= Frank Silver =

American songwriter, drummer (1892–1960)

Frank Silverstadt (September 8, 1892 – June 14, 1960), better known by his stage name Frank Silver, was an American songwriter, jazz drummer and vaudeville performer. He was best known for co-writing and co-composing the popular song "Yes! We Have No Bananas" in 1923 with Irving Cohn. He wrote at least 75 songs in his career.

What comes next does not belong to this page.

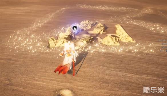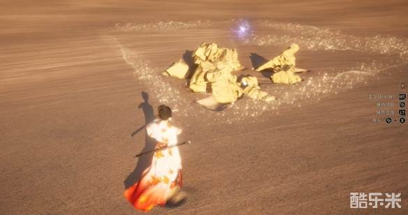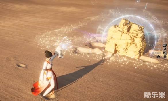 1、在沙漠当中可以看到光圈以及石头,这种就是匿影飞鲶所在的位置。

Born in Boston, Silver grew up on the lower East Side of Manhattan. He began playing drums in a Bowery music hall's orchestra when he was 15.

Early in Silver's career, he conducted orchestras in vaudeville houses and was a drummer in Loew's Metropolitan Theatre's orchestra. After those jobs, he toured with his own 12-piece band, playing one-night stands. He also performed with the Hitchy-Koo traveling revue of Raymond Hitchcock and worked at the Brooklyn Academy of Music.

Other songs that Silver wrote included "Icky Wicky Woo" and "What Do We Get from Boston? (Beans, Beans, Beans)".

Silver was married twice, Dora Silverstadt (born Mandelbaum) and had two sons, Robert and Arthur; Victoria Silverstadt (born Martinkus) and had a son, Frank.

On June 14, 1960, Silver died of a cerebral hemorrhage in Brooklyn Jewish Hospital at age 67.